Molly instantly exacted particulars.
"The soldier should not have told the general he was killed," stated the cow-puncher.
"What should he have told him, I'd like to know?" said Molly.
"Why, just nothing. If the soldier could ride out of the battle all shot up, and tell his general about their takin' the town--that was being gritty, yu' see. But that truck at the finish--will yu' please say it again?"
So Molly read:--"'You're wounded! 'Nay,' the soldier's pride Touched to the quick, he said, 'I'm killed, sire!' And, his chief beside, Smiling the boy fell dead."
"'Nay, I'm killed, sire,'" drawled the Virginian, amiably; for (symptom of convalescence) his freakish irony was revived in him.
"Now a man who was man enough to act like he did, yu' see, would fall dead without mentioning it."
None of Molly's sweet girl friends had ever thus challenged Mr.
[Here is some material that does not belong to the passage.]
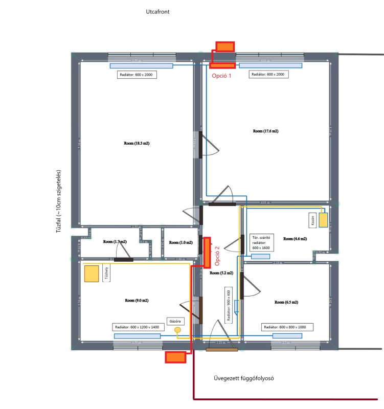 Opció 2: közlekedő, a WC ajtó felett. Pro: innen nagy valószínűséggel mindenhová jutna a hidegből. Con: nagyon kicsi a légtér, szóval valószínűleg túl kellen hűteni a folyosót; sokkal körülményesebb kivitelezni (két főfal áttörés, mert a bejárati ajtó mellett/felett nem fér el a csövezés, nehézkesebb a lejtés kialakítása a kondenzvíznek).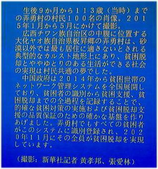 | 中国の貧困撲滅が世界的な貧困削減にも貢献 中国文化センター写真ギャラリー <関連報告> 中国の貧困削減実践の壮大なプロセス 環球時報 中国、貧困救済の経験を共有 中国日報 ![]() 中国文化センターによる「中国貧困脱却成果展」の 青山貞一 写真撮影:池田こみち ![]() 中国文化センターによる「中国貧困脱却成果展」の 池田こみち 撮影:青山貞一 ![]() ![]() 写真撮影:青山貞一(東京都市大学名誉教授) ![]() 以下は東京都港区にある中国文化センターで2021年6月下旬~7上旬に開催された「中国貧困脱却成果展」にあった中国「科技日報」からの転載である。 中国の貧困撲滅が世界的な貧困削減にも貢献 7億人以上が貧困から脱却し、 国連「持続可能な開発の2030アジェンダ」 の貧困削減目標を10年前倒しで達成 リウ・ハイイン(科技日報)、ドゥ・ハイビン(科技日報)、 ロン・ユン(科技日報記者) 科技日報 本文 5月18日に開催されたビデオリンクによる第73回世界保健総会(WHA)の開幕式で中国の習近平国家主席は「中国はCOVID-19(新型コロナウイルス)対策と被災諸国、特に発展途上国の経済社会開発を支援するため、今後2年間に20億米ドルを拠出する。 さらに、G20諸国と協力して、最貧国の債務返済猶予に関するイニシアチブを実行する」と発表した。また、国際社会とともに巨額債務負担に苦しむ国々が現在の困難を克服できるよう支援を強化するつもりであると続けた。 フランスの中国研究専門家、ソニア・ブレスラー氏は、習主席の演説は「人類は同じ空の下に住んでいる」という中国のビジョン、および、伝染病封じ込めと貧困撲滅で団結と連帯を促進する中国のコンセプトを世界に示したと語った。 「改革開放政策の導入以来、中国の圧倒的多数の国民は自ら貧困から脱却し、国連ミレニアム開発目標を達成した初めての途上国になる。極貧撲滅はアフリカの政府が最優先すべきであり、この点で中国の経験は参考になる。」と南アフリカの主要メディア、インディペンデント・オンラインの記事は報じ、「中国は指導部が明確な政策、資源、現実的目標、厳格な規律によって国家を動員したことから、貧困との闘いで飛躍的発展を遂げた」と付け加えた。 貧困撲滅は、中国政府が常に最優先してきた重要テーマである。中国は改革開放政策を採用して以来、貧困撲滅にコミットしてきた。経済発展に沿って徐々に貧困削減目標を調整し、貧困削減業務を標準化、制度化する特別な部署を創設した。 習主席は2013年、湖南省湘西で「標的型貧困救済」戦略を推進した。2014年5月12日、国務院貧困救済室はその他の部署と共同で「標的型貧困撲滅実行メカニズム設定の実施計画」を策定した。2016年12月2日、国務院は第13次5カ年計画(2016-2020年)の貧困撲滅計画を発表した。地方政府が貧困と闘う行動指針、関連部署が特別貧困撲滅計画を策定する重要な基礎になるものである。 中国国家統計局のデータによると、地方の貧困住民は1978年の約7億7,000万人から2019年末までに551万人に減少し、貧困率はこの間97.5%から0.6%に減少した。97.5%から0.6%へ、7億7,000万人から551万人へ、この大きな差異の背景には、中国が数十年にわたり「貧困撲滅」の為に、絶え間ない探究と努力がある。 3月6日、貧困撲滅の決定的勝利確保に関するシンポジウムで習主席は「今年、貧困撲滅の課題を完了する。中国は国連・持続可能な開発のための2030アジェンダの貧困削減目標を10年前倒しで達成することになる。それは中国と世界の双方にとって大きな意味がある。世界のどの国も、これほど短期間にこれほど多くの人々を貧困から脱却させたことはなかったからである」と語った。 持続可能な開発のための2030アジェンダと持続可能な開発目標(SDGs)の実行サポートを主な任務とする国連開発計画(UNDP)は、ここ数十年の中国の発展を称賛した。それは世界に深い印象を与えている。中国は、国連・持続可能な開発のための2030アジェンダが設定した貧困撲滅の目標を達成する初めての国になる。 UNPDが編纂に関わっている最新版の「中国人間開発報告書特別版」では、中国の多角的アプローチによる包括的な貧困撲滅戦略は、中国が推進する人類発展のモデルケースであり各国の参考ともなる、と指摘している。 UNDPのアヒム・シュタイナー総裁もメディアに対し、中国の貧困撲滅達成は規模と期間で前例がないと語った。より体系的、組織的に経済を発展させるやり方は各国にとってヒントとなり、また国連のSDGs、および、誰ひとり取り残さないという考えと一致していると指摘した。 国連は持続可能な開発のための2030アジェンダの貧困削減目標を達成するのは困難と予測している。とりわけ、COVID-19パンデミックが途上国などグローバル経済にマイナスの影響を与えるとみている。 アミーナ・J・モハメド副事務総長は、今年2月ジンバブエで次のように話した。アフリカ諸国が近年、持続可能な経済社会開発の振興で前進していると語った。しかし、全体的にみるとアフ

Browning. They had been wont to cluster over him with a joyous awe that deepened proportionally with their misunderstanding.
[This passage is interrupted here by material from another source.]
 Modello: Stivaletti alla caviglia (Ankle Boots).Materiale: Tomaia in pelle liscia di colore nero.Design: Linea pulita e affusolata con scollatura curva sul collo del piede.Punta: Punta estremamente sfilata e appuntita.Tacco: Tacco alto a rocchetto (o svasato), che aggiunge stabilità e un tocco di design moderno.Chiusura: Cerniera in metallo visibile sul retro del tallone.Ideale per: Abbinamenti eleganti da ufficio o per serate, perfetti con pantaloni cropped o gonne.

Molly paused to consider this novelty of view about the soldier.
"He was a Frenchman, you know," she said, under inspiration.
"A Frenchman," murmured the grave cowpuncher. "I never knowed a Frenchman, but I reckon they might perform that class of foolishness."
"But why was it foolish?" she cried.
"His soldier's pride--don't you see?"
"No."
Molly now burst into a luxury of discussion. She leaned toward her cow-puncher with bright eyes searching his; with elbow on knee and hand propping chin, her lap became a slant, and from it Browning the poet slid and toppled, and lay unrescued. For the slow cow-puncher unfolded his notions of masculine courage and modesty (though he did not deal in such high-sounding names), and Molly forgot everything to listen to him, as he forgot himself and his inveterate shyness and grew talkative to her. "I would never have supposed that!" she would exclaim as she heard him; or, presently again, "I never had such an idea!" And her mind opened with delight to these new things which came from the man's mind so simple and direct. To Browning they did come back, but the Virginian, though interested, conceived a dislike for him.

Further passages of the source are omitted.